Authorization and Binding Effect; Corporate Documentation. Each Seller has full power and authority to enter into this Agreement and the Ancillary Documents to which it is or is required to be a party and to consummate the transactions contemplated hereby and thereby and to perform its obligations hereunder and thereunder. The execution and delivery of this Agreement and the Ancillary Documents and the consummation of the transactions contemplated hereby and thereby have been duly authorized by all necessary action on the part of each Seller, including requisite board of directors and shareholder approval of the Company. Each of this Agreement and each Ancillary Document to which a Seller is or is required to be a party has been duly executed and delivered by each such Seller and constitutes a legal, valid and binding obligation of such Seller, enforceable against such Seller Party in accordance with its terms, except as the enforceability thereof may be limited by (i) the bankruptcy, insolvency, reorganization, receivership, conservatorship, moratorium or other Laws affecting or relating to the rights of creditors generally, or (ii) the rules governing the availability of specific performance, injunctive relief or other equitable remedies and general principles of equity, regardless of whether considered in an Action in equity or at Law.

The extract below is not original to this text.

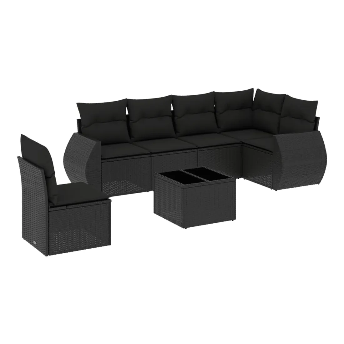Salon de jardin 7 pcs avec coussins noir résine tressée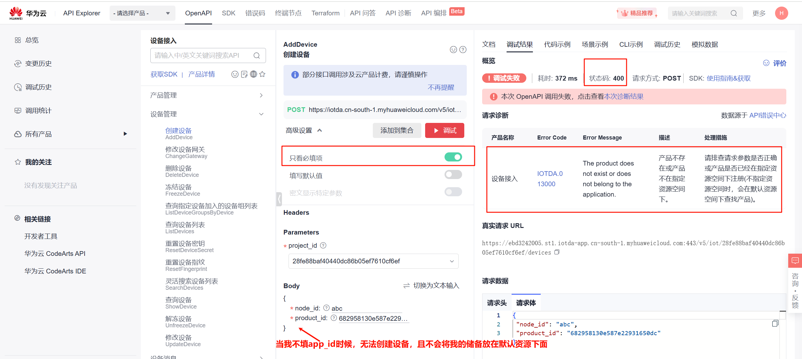 当我只填入必要的必填参数时,会报错,只有当我加上app_id才能正常注册设备到对应的产品中

The copies of the Governing Documents of the Company, as amended to date, copies of which have heretofore been delivered to Buyer, are true, complete and correct copies of the Governing Documents of the Company, as amended through and in effect on the date hereof. The minute books and records of the proceedings of the Company, copies of which have been delivered to Buyer, are true, correct and complete in all material respects.

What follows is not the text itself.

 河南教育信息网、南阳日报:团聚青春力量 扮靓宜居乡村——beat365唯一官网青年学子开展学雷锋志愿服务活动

Authorization and Binding Effect; Corporate Documentation. Each Seller Party has full power and authority to enter into this Agreement and the Ancillary Documents to which it is a party and to consummate the transactions contemplated hereby and thereby and to perform its obligations hereunder and thereunder. The execution and delivery of this Agreement and the Ancillary Documents and the consummation of the transactions contemplated hereby and thereby have been duly authorized by all necessary corporate action on the part of each Company, including requisite board of directors and shareholder approval of each Company. Each of this Agreement and each Ancillary Document to which a Seller Party is a party has been duly executed and delivered by each such Seller Party and constitutes a legal, valid and binding obligation of such Seller Party, enforceable against such Seller Party in accordance with its terms, except as the enforceability thereof may be limited by the Permitted Exceptions. The copies of the Charter of each Company and all amendments thereto, and the Bylaws of each Company, as amended to date, copies of which have heretofore been delivered to Buyer, are true, complete and correct copies of the Charter and Bylaws of each Company, as amended through and in effect on the date hereof. The minute books and records of the corporate proceedings of each Company, copies of all of which have been provided to Buyer, are true, correct and complete in all material respects.

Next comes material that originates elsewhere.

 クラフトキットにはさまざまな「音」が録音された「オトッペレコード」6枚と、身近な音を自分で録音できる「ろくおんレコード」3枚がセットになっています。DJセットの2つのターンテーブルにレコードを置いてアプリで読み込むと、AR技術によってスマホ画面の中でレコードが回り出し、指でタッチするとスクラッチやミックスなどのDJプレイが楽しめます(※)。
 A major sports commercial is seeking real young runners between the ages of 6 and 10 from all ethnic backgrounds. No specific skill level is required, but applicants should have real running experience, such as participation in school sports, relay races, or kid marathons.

Authorization and Binding Effect; Corporate Documentation. Buyer has full power and authority to enter into this Agreement and the Ancillary Documents to which it is or is required to be a party and to consummate the transactions contemplated hereby and thereby. The execution and delivery of this Agreement and the Ancillary Documents to which Buyer is a party and the consummation of the transactions contemplated hereby and thereby have been duly authorized by all necessary corporate action on the part of Buyer. This Agreement has been duly executed and delivered by Buyer. This Agreement and each Ancillary Document to which Buyer is a party constitutes a legal, valid and binding obligation of Buyer, enforceable against Buyer in accordance with its terms, except as the enforceability thereof may be limited by (i) the bankruptcy, insolvency, reorganization, receivership, conservatorship, moratorium or other Laws affecting or relating to the rights of creditors generally, or (ii) the rules governing the availability of specific performance, injunctive relief or other equitable remedies and general principles of equity, regardless of whether considered in an Action in equity or at Law.